誰もかれもが狂信的なエルド教信者なわけではなかったが、それでもクウェージアの全体的な価値観としては、同性愛に関して目をそらすことが一般的であり、触れないということがマナーのようなものだった。

「俺はこの近くのサーテドルインって都市に住むことにしたよ。すぐに君に会いに来れる」

「僕も同じ町にしたよ。今日来たみんなもサーテドルイン」

とヴィゼルが言った。

ヴィゼルはエスラールとエメザレの共通の親友だった。

昔に比べると随分といい男になったと思う。昔はなんだか間抜けな顔をしていたが、貫禄がついて落ち着いた。でも笑うとまだ昔の面影があった。相変わらずの短髪で目が小さく鼻梁が広い。

ヴィゼルは、エメザレがエスラールと出会うよりずっとずっと前から、エスラールの親友だった。

エメザレがエスラールの恋人になった時、おそらく本当に悔しかったのだろう。ヴィゼルが泣いたことを覚えている。

けれども一番に認めてくれたのもヴィゼルだった。ヴィゼルはエスラールの判断を信じた。エスラールが言った、「エメザレは本当はとってもいい奴なんだ」という一言を信じたのだ。

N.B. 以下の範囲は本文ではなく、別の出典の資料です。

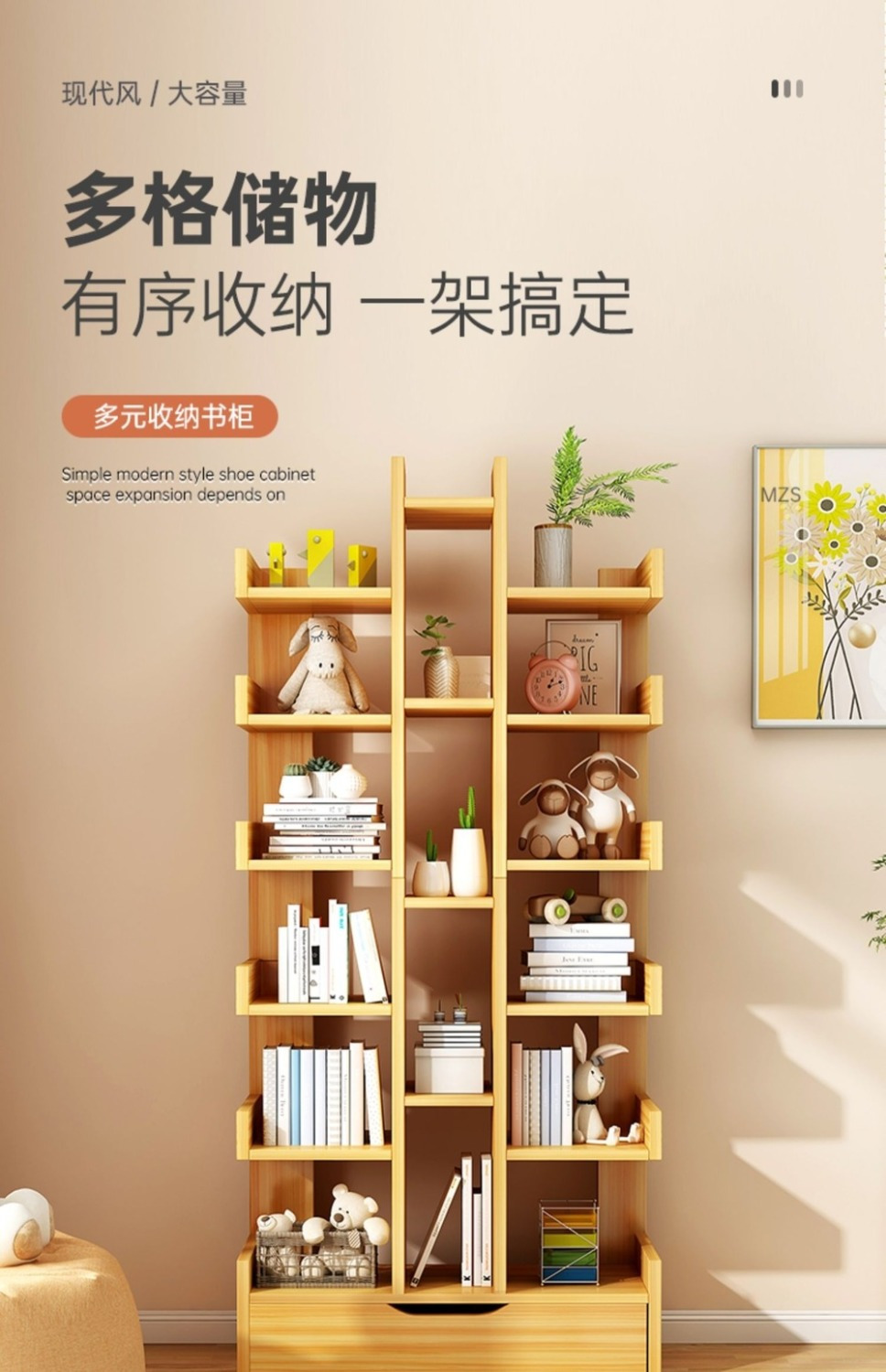 树形书架置物架落地多层客厅储物架简易窄小书柜一体靠墙边收纳架

エメザレを恋人にしたことで、しかも公言したことで、エメザレに対してはもちろん、絶対的な人気者であったエスラールにすら、同期生たちは一時期、侮蔑の意思を見せたが、ヴィゼルが二人を祝福すると断言したことで、一気にあの殺伐とした雰囲気が治まったのだった。

看護婦レイテが来客用のお茶とお菓子を持ってきた。

ソファに座りきれない同志たちは立ったまま菓子を頬張り、誰かがこっそり持ってきたワインをお茶のカップに入れて精一杯のささやかな祝杯をあげた。